━━━━━ Input for this task ━━━━━

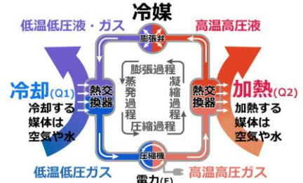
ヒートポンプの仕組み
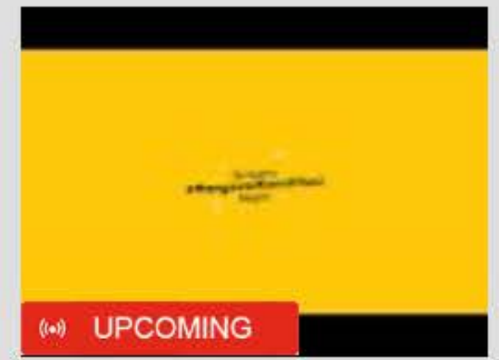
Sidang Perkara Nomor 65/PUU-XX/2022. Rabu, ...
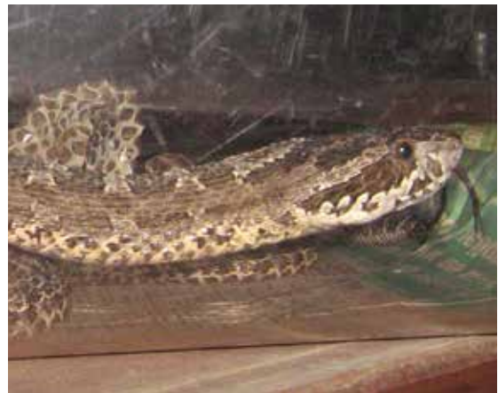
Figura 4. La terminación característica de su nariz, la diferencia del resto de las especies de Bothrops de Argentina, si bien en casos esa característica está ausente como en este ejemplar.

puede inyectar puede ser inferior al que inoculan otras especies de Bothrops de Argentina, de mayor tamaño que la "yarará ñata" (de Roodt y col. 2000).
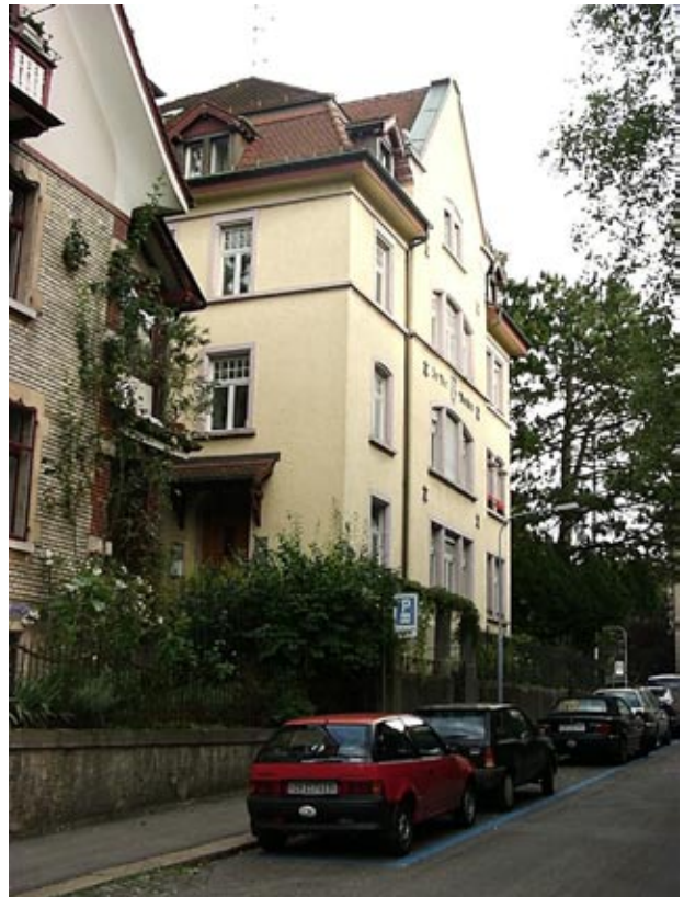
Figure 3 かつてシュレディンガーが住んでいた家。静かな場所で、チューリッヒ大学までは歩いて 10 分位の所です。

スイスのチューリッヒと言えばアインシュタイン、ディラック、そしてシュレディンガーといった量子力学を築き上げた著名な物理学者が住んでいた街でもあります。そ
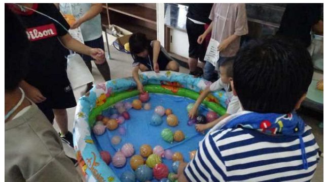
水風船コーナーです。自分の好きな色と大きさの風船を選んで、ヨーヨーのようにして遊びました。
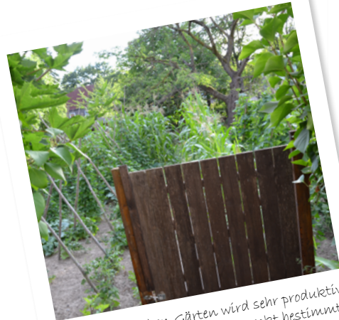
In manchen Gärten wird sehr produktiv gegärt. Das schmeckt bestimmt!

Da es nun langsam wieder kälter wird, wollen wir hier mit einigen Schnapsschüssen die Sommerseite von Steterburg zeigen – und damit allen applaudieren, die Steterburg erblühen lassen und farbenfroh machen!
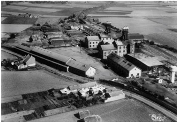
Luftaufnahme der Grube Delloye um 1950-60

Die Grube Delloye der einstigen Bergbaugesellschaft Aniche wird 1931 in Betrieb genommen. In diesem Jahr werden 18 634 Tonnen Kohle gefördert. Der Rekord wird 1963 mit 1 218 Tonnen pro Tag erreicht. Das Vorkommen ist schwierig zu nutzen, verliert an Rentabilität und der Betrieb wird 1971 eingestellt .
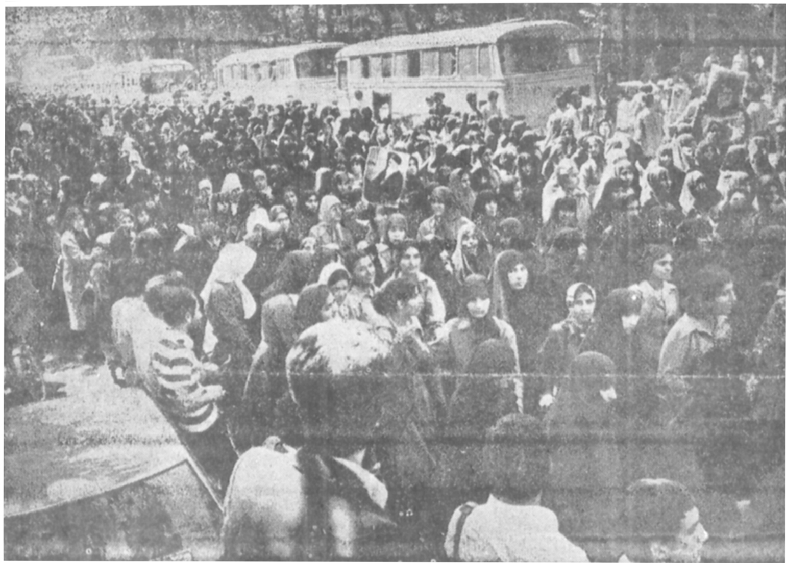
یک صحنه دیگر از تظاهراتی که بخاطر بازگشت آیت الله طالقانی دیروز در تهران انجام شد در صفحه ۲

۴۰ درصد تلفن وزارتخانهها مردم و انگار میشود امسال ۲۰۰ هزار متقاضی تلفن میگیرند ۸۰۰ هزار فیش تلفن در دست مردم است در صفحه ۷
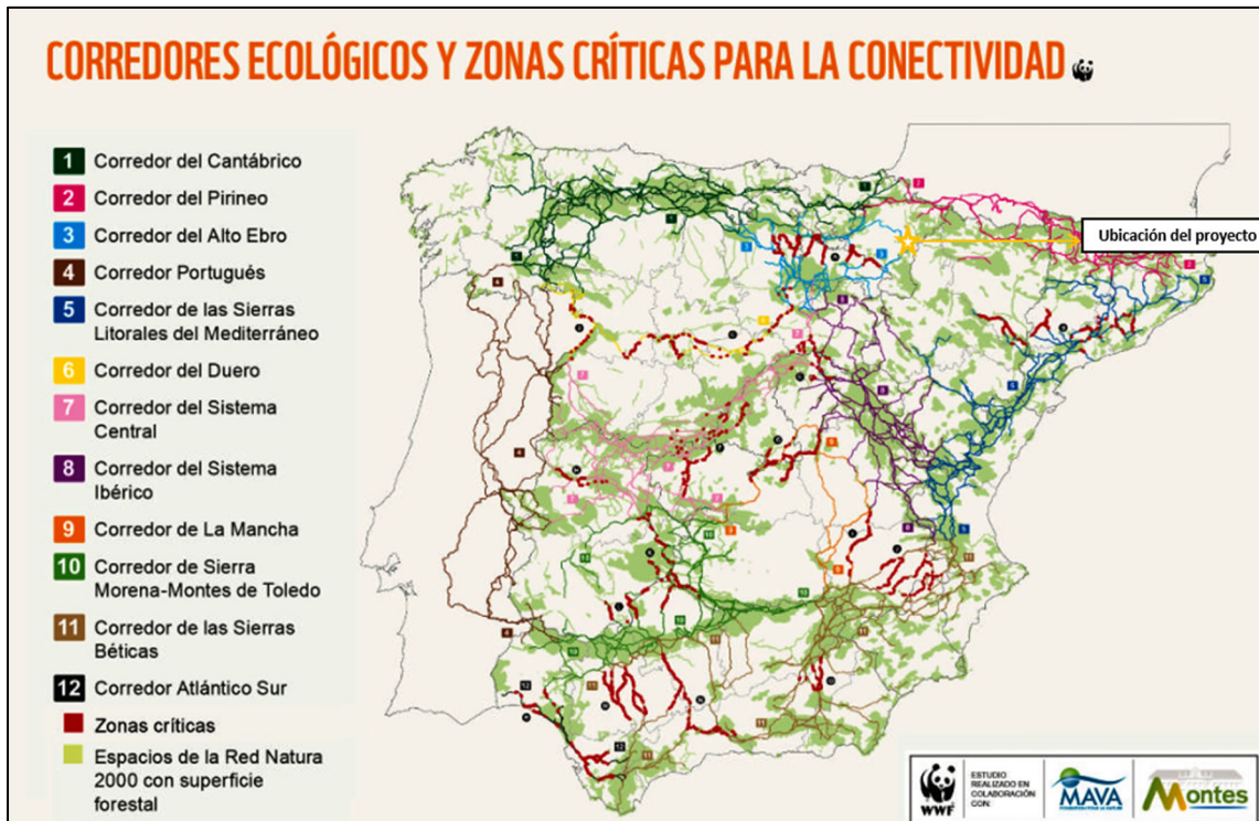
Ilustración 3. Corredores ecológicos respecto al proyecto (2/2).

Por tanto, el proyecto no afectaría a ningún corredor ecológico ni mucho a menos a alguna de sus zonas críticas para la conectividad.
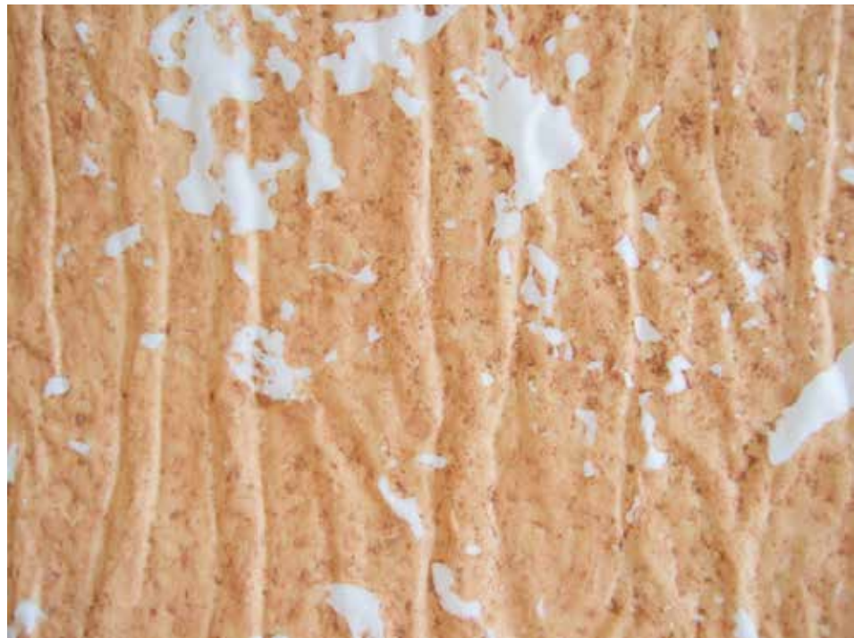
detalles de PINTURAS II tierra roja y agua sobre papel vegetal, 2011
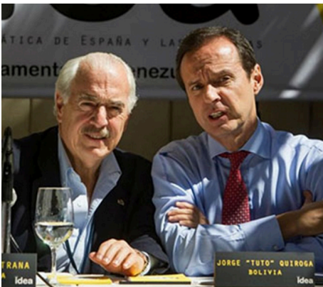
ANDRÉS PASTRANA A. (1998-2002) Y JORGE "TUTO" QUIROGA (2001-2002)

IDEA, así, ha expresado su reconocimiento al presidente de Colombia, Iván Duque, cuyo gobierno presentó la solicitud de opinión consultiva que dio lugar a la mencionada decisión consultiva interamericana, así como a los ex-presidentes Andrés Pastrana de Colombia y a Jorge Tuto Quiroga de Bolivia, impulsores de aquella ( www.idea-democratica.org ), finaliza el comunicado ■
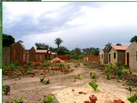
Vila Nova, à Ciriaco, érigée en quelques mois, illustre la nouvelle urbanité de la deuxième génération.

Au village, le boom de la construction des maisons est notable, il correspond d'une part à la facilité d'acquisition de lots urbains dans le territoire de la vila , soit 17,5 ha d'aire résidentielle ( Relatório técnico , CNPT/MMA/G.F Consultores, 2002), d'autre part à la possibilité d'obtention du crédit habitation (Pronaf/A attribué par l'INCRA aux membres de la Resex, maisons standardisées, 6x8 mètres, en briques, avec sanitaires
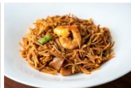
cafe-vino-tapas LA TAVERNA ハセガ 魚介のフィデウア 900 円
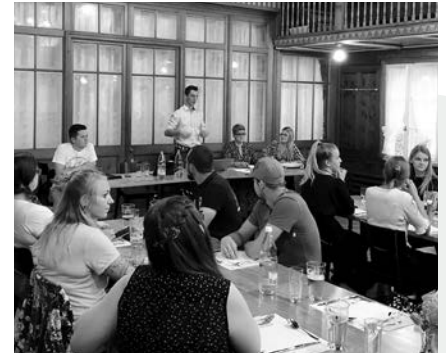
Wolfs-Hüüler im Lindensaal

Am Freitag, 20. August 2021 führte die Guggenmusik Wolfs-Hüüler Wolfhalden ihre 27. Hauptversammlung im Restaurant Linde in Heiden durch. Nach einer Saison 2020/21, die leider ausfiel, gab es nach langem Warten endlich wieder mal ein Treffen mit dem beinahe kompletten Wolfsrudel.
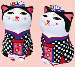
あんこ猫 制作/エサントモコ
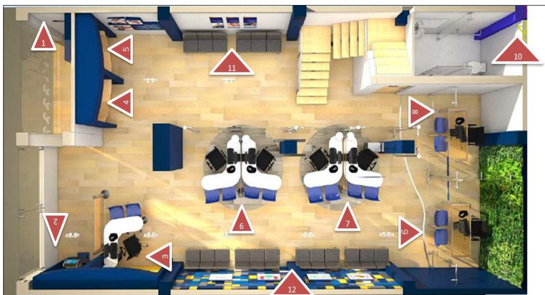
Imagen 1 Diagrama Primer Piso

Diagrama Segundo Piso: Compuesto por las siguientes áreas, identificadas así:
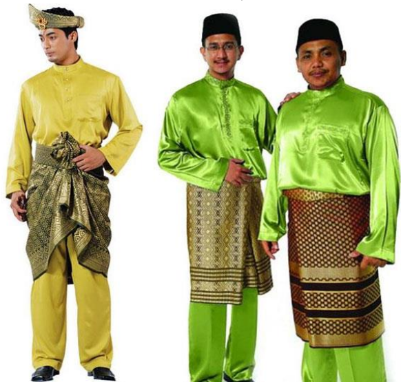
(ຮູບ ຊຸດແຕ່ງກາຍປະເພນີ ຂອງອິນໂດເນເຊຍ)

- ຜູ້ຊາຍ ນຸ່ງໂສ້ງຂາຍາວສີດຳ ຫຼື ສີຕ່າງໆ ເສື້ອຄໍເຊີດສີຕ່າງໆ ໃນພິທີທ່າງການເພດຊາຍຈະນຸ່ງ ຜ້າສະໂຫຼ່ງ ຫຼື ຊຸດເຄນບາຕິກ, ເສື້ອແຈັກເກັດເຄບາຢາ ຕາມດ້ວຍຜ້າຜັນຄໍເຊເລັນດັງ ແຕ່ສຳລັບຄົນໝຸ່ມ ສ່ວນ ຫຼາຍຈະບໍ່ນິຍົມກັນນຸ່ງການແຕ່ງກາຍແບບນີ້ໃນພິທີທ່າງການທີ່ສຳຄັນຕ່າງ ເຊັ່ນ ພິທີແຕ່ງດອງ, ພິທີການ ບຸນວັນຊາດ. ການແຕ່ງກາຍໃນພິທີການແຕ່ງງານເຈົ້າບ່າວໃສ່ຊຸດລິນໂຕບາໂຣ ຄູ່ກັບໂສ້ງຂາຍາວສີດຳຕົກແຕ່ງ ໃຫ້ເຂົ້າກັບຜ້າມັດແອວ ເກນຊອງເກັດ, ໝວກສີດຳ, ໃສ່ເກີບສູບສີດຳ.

━━━━━

Work item
Find the lines in the records that contain the word "Piso", then copy every one of them.

Exercise response
Imagen 1 Diagrama Primer Piso
Diagrama Segundo Piso: Compuesto por las siguientes áreas, identificadas así:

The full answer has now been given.